▸ What is needed: Look below for the line that contains "যোগাযোগ পদ্ধতির ম্যাক্রোমডেল", and write out exactly that line and all remaining lines of the listing, omitting pictures.

▸ Records provided:
• • • • • • •
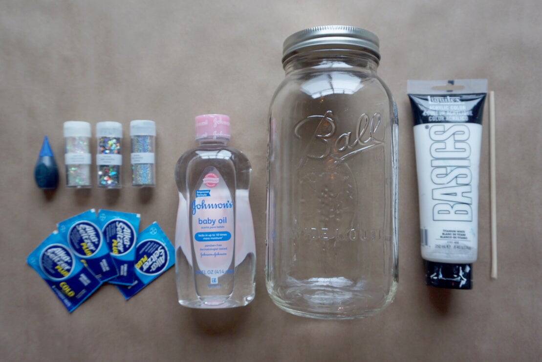1. Fill your jar about three-quarters full with baby oil. In a separate bowl, blend water and a few tablespoons of white paint.
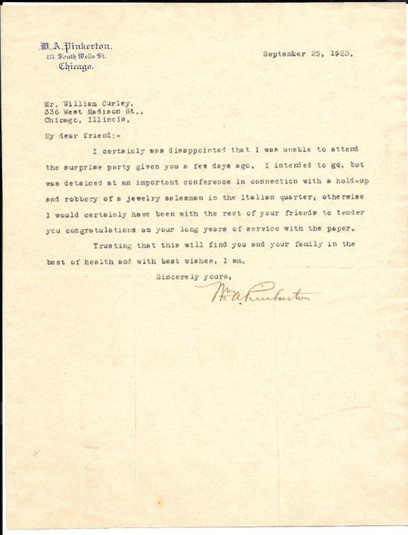 PINKERTON, William A. (1846-1923). American detective. One of the principals of the famous detective agency. He entered the Secret Service Division of the U. S. Army (1861) and served in the Civil War chiefly in the Army of the Potomac. He tracked some of the most colorful criminals of the Victorian era. Head of the Western Division of Pinkerton’s detective Agency. Very scarce typed letter signed, to William Curley on West Madison Street in Chicago, Sept. 25, 1923 on his personal letterhead just two months before his death. In part: “..I was unable to attend your surprise party....I intended to go but was detained at an important conference in connection with a hold-up and robbery of a jewelry salesman in the Italian quarter, otherwise I would certainly have been with the rest of your friends to tender you congratulations on your long years of service with the paper...” Signed “Wm. A. Pinkerton”. A fine example....................SOLD
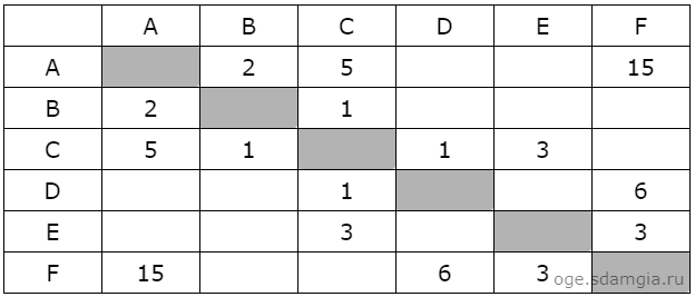 Между населенными пунктами A, B, C, D, E, F построены дороги, протяженность которых в (километрах) приведена в таблице.
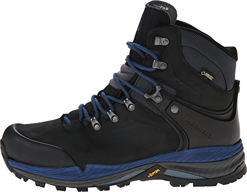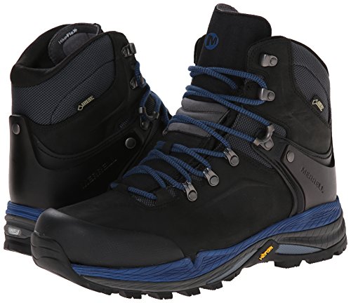Studio : Merrell Footwear Publisher : Merrell Footwear Binding : Apparel Product Description When you're loaded down for days in the backcountry, this 01529 Merrell Men's Crestbound Gore-Tex Hiking Boots lets you hit the trail and never look back. It's steadfast, waterproof breathable upper keeps feet dry and cradles your heel with a snug fit, preventing trip-killing blisters. Underfoot, the lightweight, durable hiking platform lets you feel the trail while protecting by absorbing rough terrain. Full Grain Leather Metal Hook And Lacing Eyelet For Secure Lacing Articulated Tongue Flexes For Forward Movement GORE-TEX™ Waterproof Membrane Repels Moisture And Enhances Breathability External Instep And Heel Stability Arm Dual Density EVA Anatomical Footbed Treated with M-Select™ FRESH Shoe Odor Control Molded Nylon Arch Shank UniFly™ Midsole Connects You To The Trail, Protects You From The Terrain Grade 6 Nylon Insole For Backpacking With A Medium Pack TrailProtect™ Pad Offers Additional Protection Off Road 5mm Lug Depth Vibram™ Outsole Weight: 3lb 3oz 01529 Merrell Men's Crestbound Gore-Tex Hiking Boots - Black/Blue 0
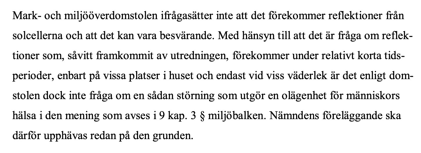 Sammantaget anser jag att det knappast är en så hög grad av störning att grannen ska behöva avstå från sina solceller. Det blir ju effekten av ett motsatt utslag; de flesta villor har i princip bara möjlighet att installera solceller på ett enda sätt.
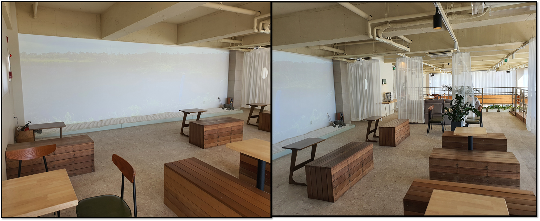▶2층에는 좀 특이한 소품(?)이 있는데 벽 한쪽에 대형 스크린이 있고 바다를 연상시키려는 의도인지 백사장 모래와 돌들이 조그맣게 놓여 있었다. 나는 낮에 가서 이 스크린 벽면이 주는 매력을 온전히 느끼지 못했지만, 해가 지는 무렵에 가면 인공(?) 오션뷰가 될 것 같고 화면이 워낙 크다 보니 꽤 괜찮을 것 같다는 생각이 들었다.
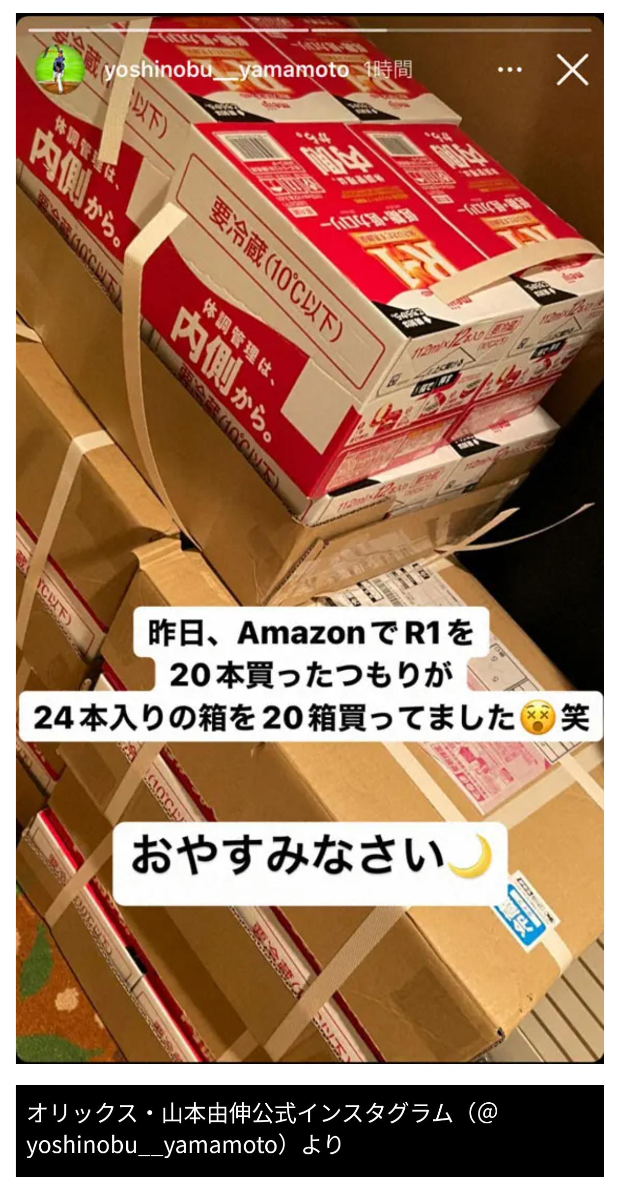 【画像】山本由伸さん「R1を20本注文したつもりが、24本入り箱を20箱買ってました!」
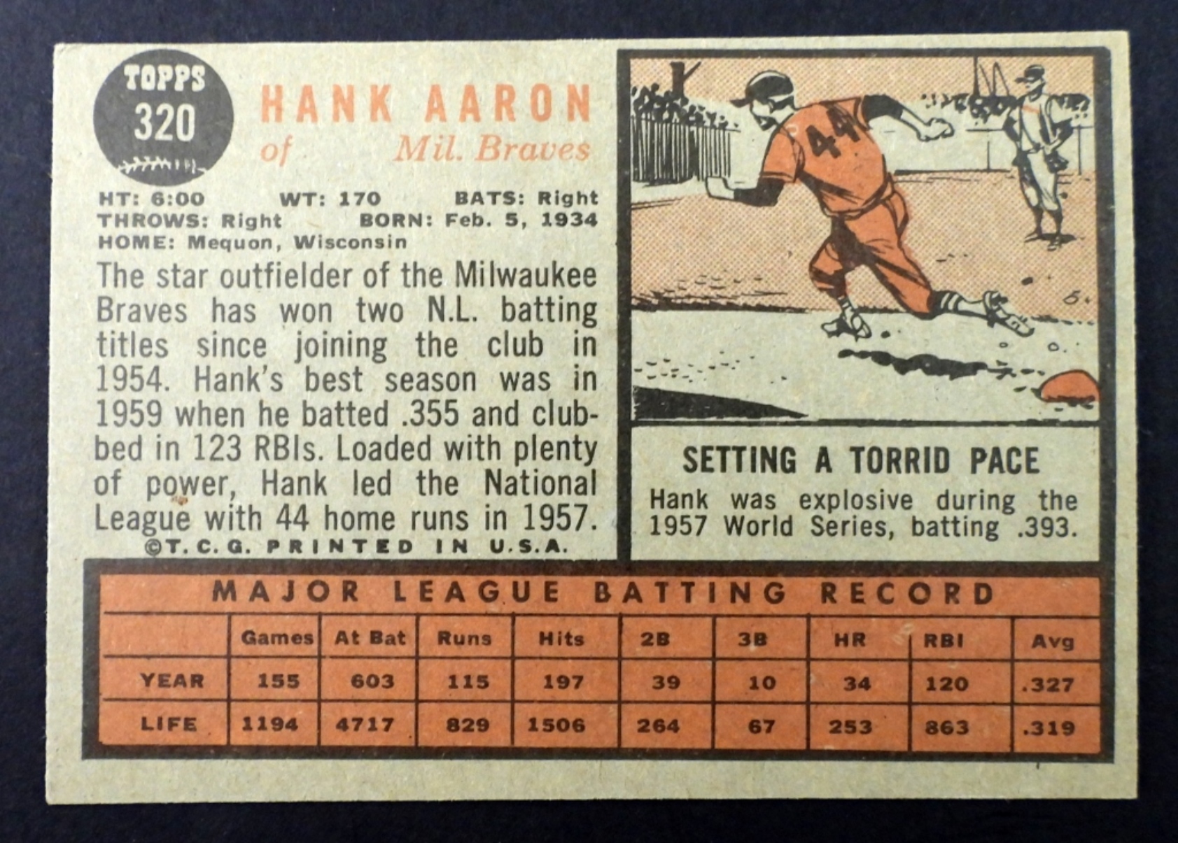 1962 TOPPS # 320 HANK AARON ( VGEX) NICE COLOR
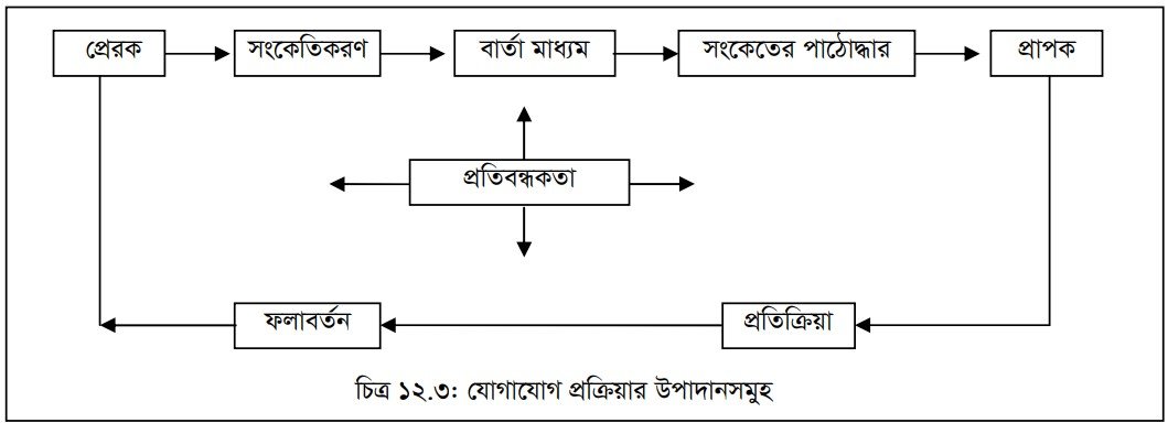 যোগাযোগ পদ্ধতির ম্যাক্রোমডেল এ নয়টি উপাদান রয়েছে। যা চিত্র ১২.৩ এ দেখানো হয়েছে। যোগাযোগ প্রক্রিয়ায় সর্বপ্রথম বার্তা প্রেরক বা যোগাযোগকারী কী বিষয় নিয়ে যোগাযোগ করবে, সে বিষয়টি ঠিক করতে হয়। অর্থাৎ, প্রেরক কী বিষয়ে, কখন, কোথায়, কীভাবে যোগাযোগ করতে চায় তার একটি রূপরেখা নির্ধারণ করবে। তাই, যোগাযোগ প্রক্রিয়ার এ স্তরকে পরিকল্পনা স্তরও বলা হয়ে থাকে। প্রাপক যেন সহজেই মূল বিষয়টি উপলব্ধি করতে পারে এজন্য প্রেরককে বিভিন্ন শব্দ, সংকেত, প্রতীক বা কোডের সাহায্যে সুশৃঙ্খলভাবে ও সহজে বোধগম্য ভাষায় প্রেরণ করতে হয় যেন প্রাপক সহজে বুঝতে পারে।
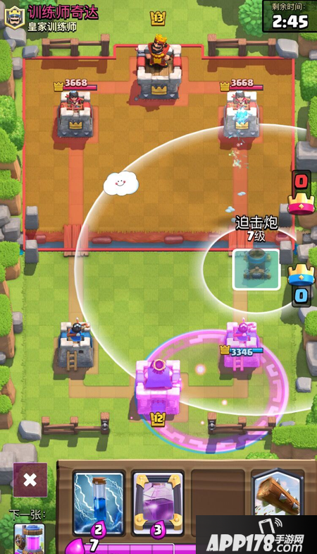 你不可能裸丢一个巨人或者石头人然后让他走到炮前面去拆炮,拆掉炮的肯定是你的后排。这样才符合实战应有的道理。那么这就表明炮的这个4.5和3.5内径的改动并不会影响你的炮是否会锁定公主塔,因为他没这个命。
• • • • • • •
▸ Written solution:
 যোগাযোগ পদ্ধতির ম্যাক্রোমডেল এ নয়টি উপাদান রয়েছে। যা চিত্র ১২.৩ এ দেখানো হয়েছে। যোগাযোগ প্রক্রিয়ায় সর্বপ্রথম বার্তা প্রেরক বা যোগাযোগকারী কী বিষয় নিয়ে যোগাযোগ করবে, সে বিষয়টি ঠিক করতে হয়। অর্থাৎ, প্রেরক কী বিষয়ে, কখন, কোথায়, কীভাবে যোগাযোগ করতে চায় তার একটি রূপরেখা নির্ধারণ করবে। তাই, যোগাযোগ প্রক্রিয়ার এ স্তরকে পরিকল্পনা স্তরও বলা হয়ে থাকে। প্রাপক যেন সহজেই মূল বিষয়টি উপলব্ধি করতে পারে এজন্য প্রেরককে বিভিন্ন শব্দ, সংকেত, প্রতীক বা কোডের সাহায্যে সুশৃঙ্খলভাবে ও সহজে বোধগম্য ভাষায় প্রেরণ করতে হয় যেন প্রাপক সহজে বুঝতে পারে।
 你不可能裸丢一个巨人或者石头人然后让他走到炮前面去拆炮,拆掉炮的肯定是你的后排。这样才符合实战应有的道理。那么这就表明炮的这个4.5和3.5内径的改动并不会影响你的炮是否会锁定公主塔,因为他没这个命。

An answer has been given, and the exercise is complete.